I don't believe that what I've been trying to shake is Swine Flu, but I'm keeping my over-stuffed head down and trying not to cough on people -- people I like -- just in case. Whatever this is, it's vicious. I had a flu shot a few weeks ago, and the mental images of this new bug bending that virus over and making it its bitch are among the more pleasant things that have passed through my head of late. Seriously, it's like the scenes from "Lockdown" that they couldn't show on TV being played out in my bloodstream. And amid all the bacteriological anal rape, reality seems to have returned to the uncollapsed wave function and I am no longer able to reliably discern the real from the imagined. So I figure I'll just throw some stuff out there and let you decide whether it really happened or not.

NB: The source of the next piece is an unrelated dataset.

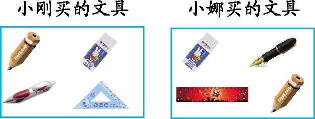(1)小刚买了( )种文具,小娜买了( )种文具,两人一共买了( )种文具。
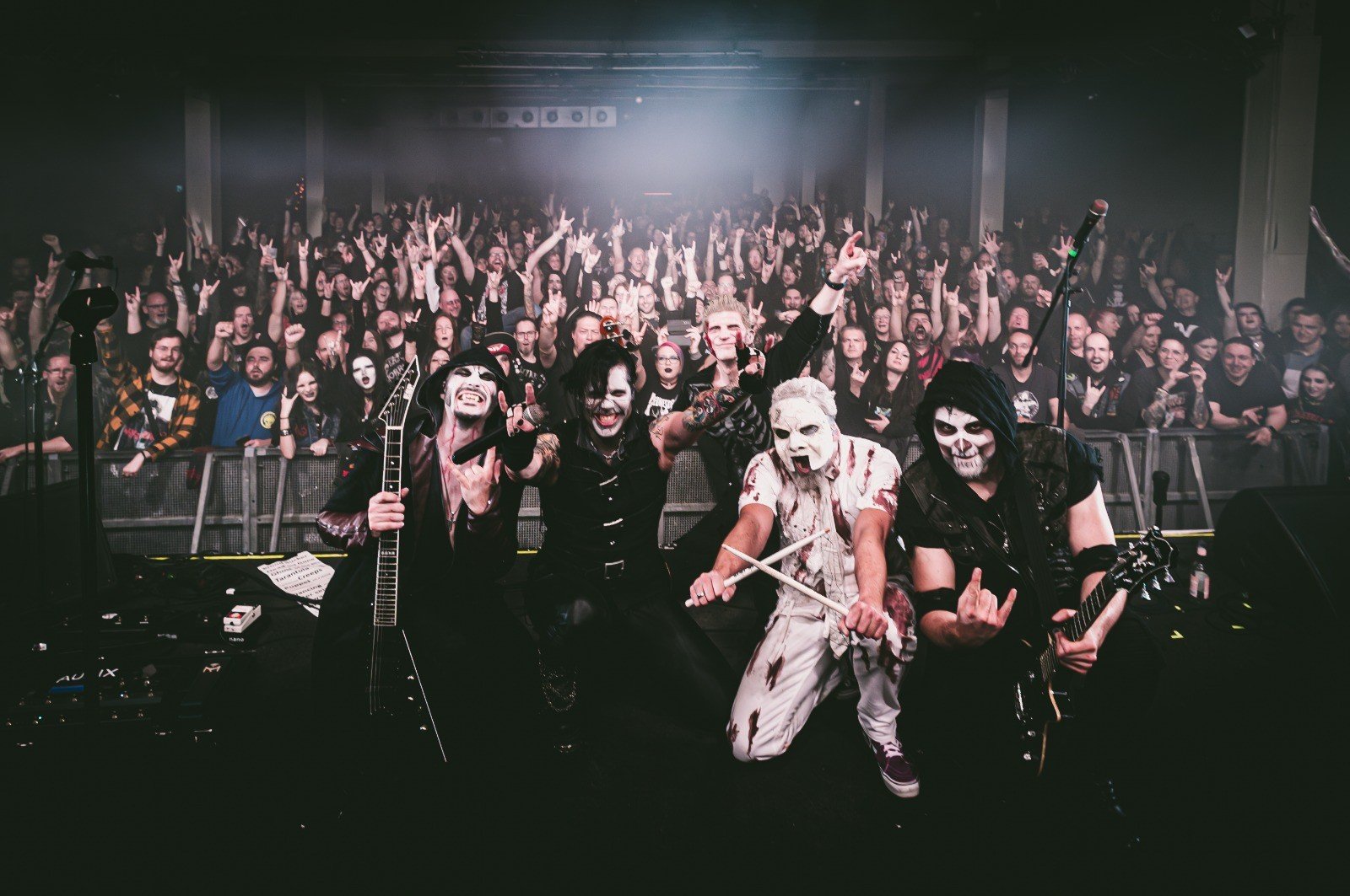 Ya desde “Hellfire” que la cosa pinta especialmente bien. Suena a especie de mezcla entre los Misfits de Michale Graves y los The Damned, pero hay mucho más: una guitarra con reminiscencias a Social Distorion y un vocalista como es Rod Usher de voz profunda, pero siendo versátil y melódico. Incluso añaden el doble bombo de Dr. Caligari en un gran final de un tema especialmente motivante y pegadizo. “I Give You the Creeps” empieza a toda velocidad, y de repente, hay un parón sorpresivo e hímnico que la hace carne de directo con los habituales “uooo, uooo” para jugar con el público. Inmejorable inicio y gran demostración de posibilidades.

- I think I had a telephone interview for a job I really wanted during which I told the woman interviewing me that I wanted to wear pajamas to work every day. "You know how they say to dress for the job you want? Well, I want to work from home. Or be Hugh Hefner. And frankly, pajamas are a huge concession considering I sleep in the nude and would have to buy new office jammies." I think I also used profanity, said that Human Resources departments should be renamed "don't sue us" departments and suggested that my management style was very relaxed and non-negotiable. "Yeah, as long as you get your stuff done, I don't give a shit if you come in 2 days a year wearing a tiara. What am I, your fuckin' babysitter?" So far I haven't received a call-back so I can't be sure if this really happened.
- I think Sandi and I had a date. I believe we went to dinner at a really nice restaurant, then went to see Lewis Black. I think I dropped Sandi off at the front door, then parked 3 blocks away from the theater and walked in the pouring rain. The next morning my clothes were still wet, so this probably happened. Which is great, because both dinner and the show were freakin' awesome.

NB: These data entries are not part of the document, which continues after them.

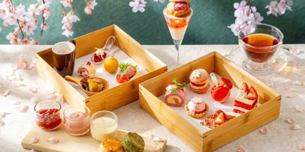 桜ストロベリー杏仁豆腐シュークリームのパフェや、桜とストロベリーのレアチーズタルトなど、旬の苺と桜が織りなす華やかなスイーツをご用意。春の訪れを感じる優雅なティータイムをお楽しみください。
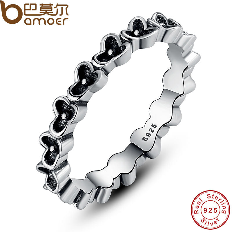 BAMOER New Arrival 925 Sterling Silver Floral Elegance Stackable Ring Authentic Jewelry PA7112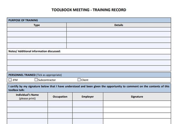 Toolbox Meeting Training Record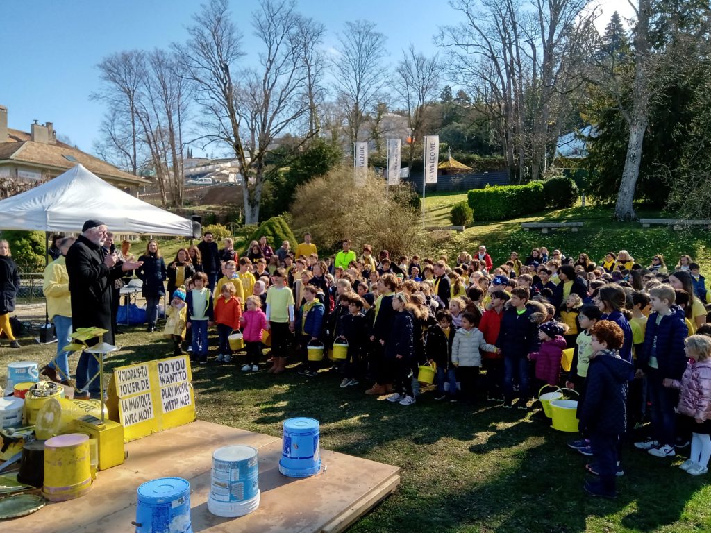 Tous les élèves de la 14ème à la 7ème ont rendu hommage au travail de l’artiste et aux océans en entonnant une chanson sur la planète, accompagnés par Bob Buckets, artiste de rue bien connu des genevois, avec sa batterie d’objets recyclés.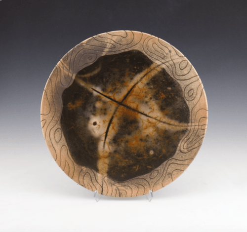 Wheel-thrown, burnished, etched, and saggar-fired wall plate, 12"x12"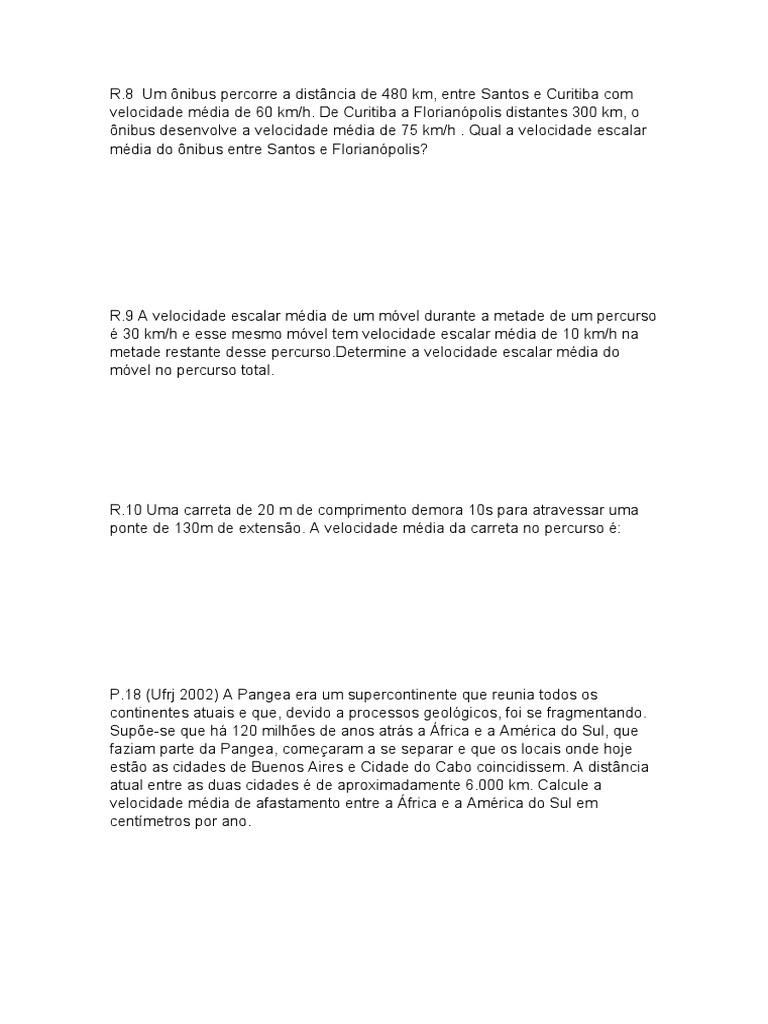 R.9 A velocidade escalar média de um móvel durante a metade de um percurso

- I think I solved for Pi.
- I think George Harrison sat by my bedside laughing and calling me "Eddie in the Sky With Diamonds."
- I think the fungus growing on the north side of our house tearfully begged me not to powerwash it away.

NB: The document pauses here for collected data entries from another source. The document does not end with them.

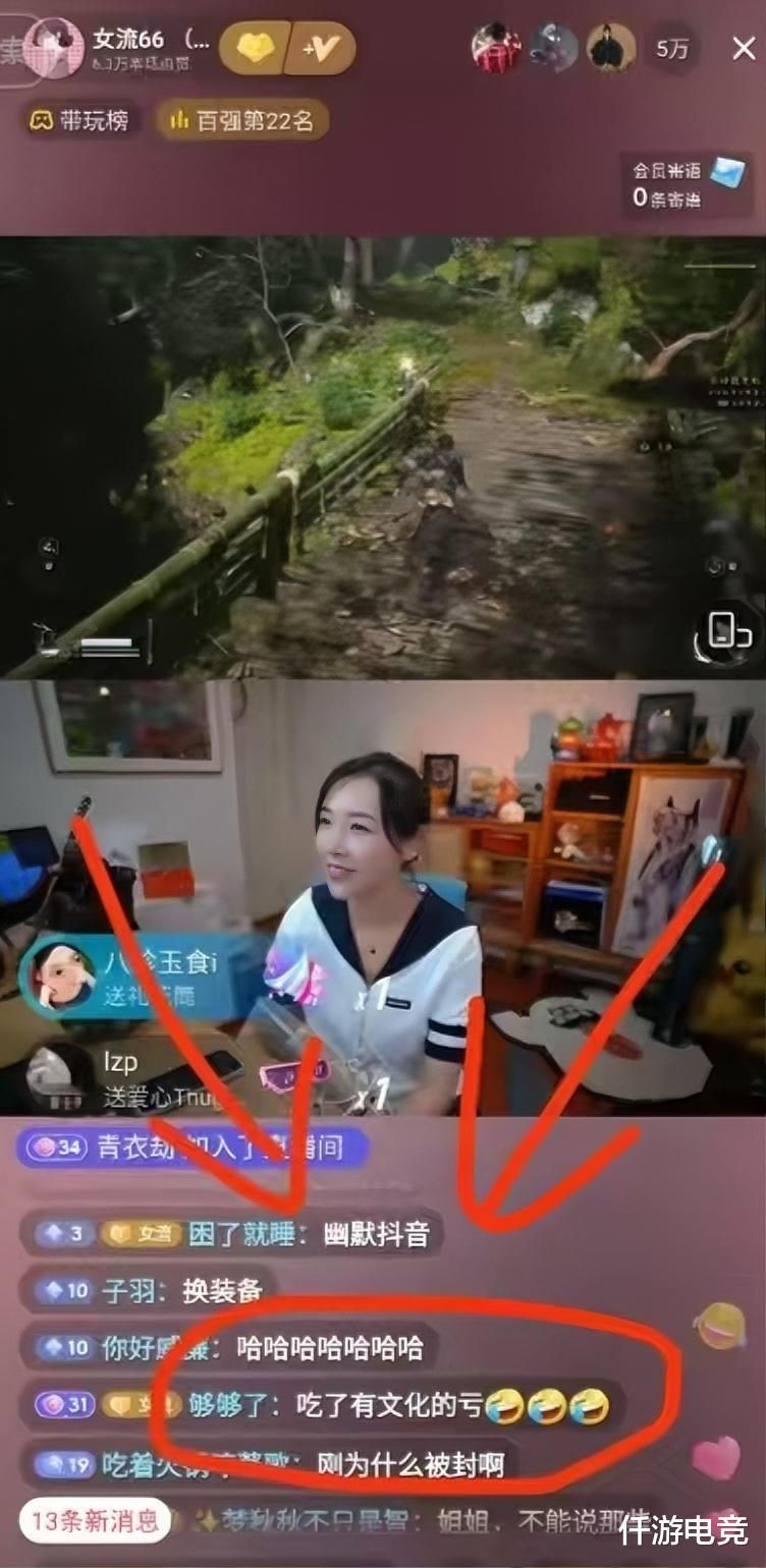 说起女流这位美女游戏主播,我记得去年《黑神话:悟空》刚正式上线时,我就是上班摸鱼看女流玩黑神话开荒的。然后最让我印象深刻的就是,因为女流文化底蕴更好,她在解读一段游戏内容的经书时,结果被误封了直播间,还登上了热搜,这还真是吃了文化的亏了,一般人还真的吃不了这种亏。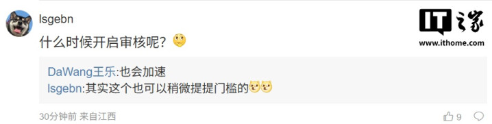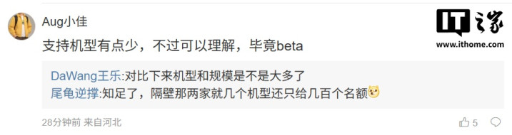 后续有用户在评论区表示:“支持机型有点少,不过可以理解,毕竟Beta”,王乐回复道:“对比下来机型和规模是不是大多了”;另一位用户则询问:“什么时候开启审核呢?[迷惑]”,王乐则表示:“也会加速”。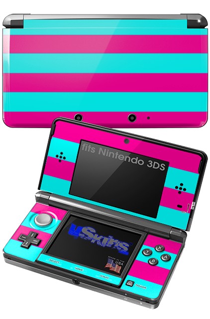 Psycho Stripes Neon Teal and Hot Pink - Decal Style Skin fits Nintendo 3DS (3DS SOLD SEPARATELY)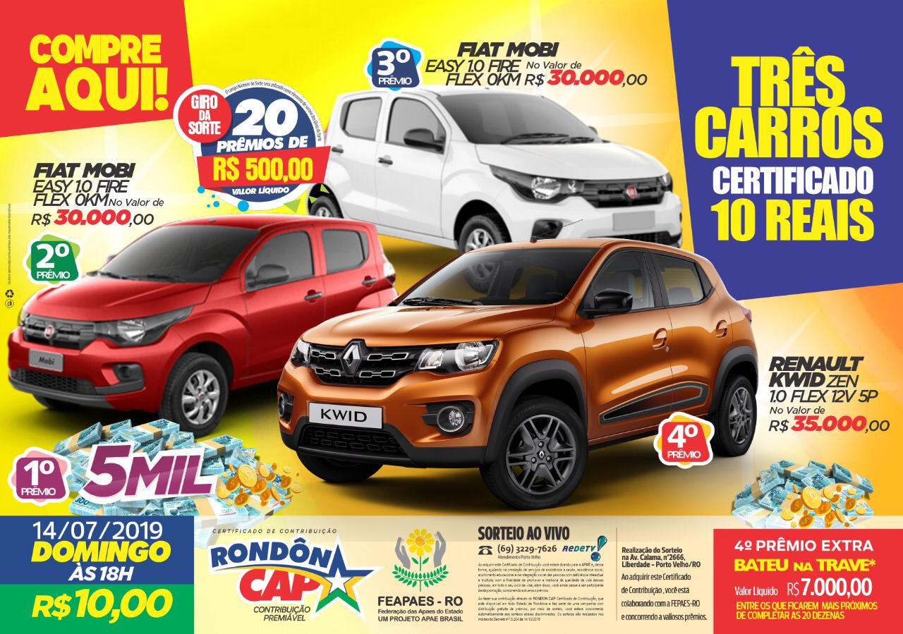 E neste domingo o Rondoncap vai sortear três carros zero quilômetros e mais prêmios em dinheiro.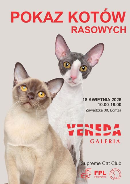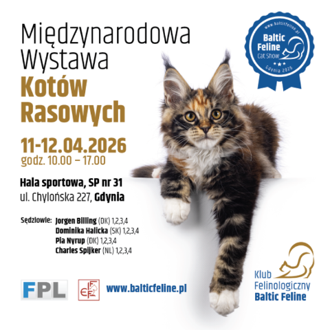 12/04/2026 - Wieści z wystawy w Gdyni (FIFe) 11/12.04.2026W ten weekend odbyła się też wystawa w Gdyni (PL) pod patronatem FIFe, która była zorganizowana przez Klub Felinologiczny Baltic Feline. Na wystawę wybrali się nasi klubowicze wraz ze swoimi kotami.

- I think Ethan stayed home from school one day because he wasn't feeling well and the school would no doubt shoot that look of disapproval they always shoot us when we do something wrong.
- I think on the day he stayed home he had his first real diarrhea episode. I vaguely remember running to the bathroom because he was in such a panic only to find that he'd locked the door. I think I begged with him to tell me what the problem was, and I think his response was a quiet, quivery "Water is coming out of my butt." I believe I got him to open the door and assured him that there was nothing wrong with him -- that it happens to EVERYbody some time.
- I think he then pulled out several flip charts and a PowerPoint presentation to illustrate how rare this actually is among 5-year-olds.
- I think I'm perhaps at my most delusional when I believe myself to be a good dad.
- I think I testified before Congress in favor of a single payer system.
- I think I actually believed that Ted Danson sent me an e-mail asking me personally for help raising money for the Clinton Foundation. And I replied all like, "George Clinton? I LOVE P-Funk! Do you think they'd come to my house and jam? I know all the words to 'Do Fries Go With That Shake?'"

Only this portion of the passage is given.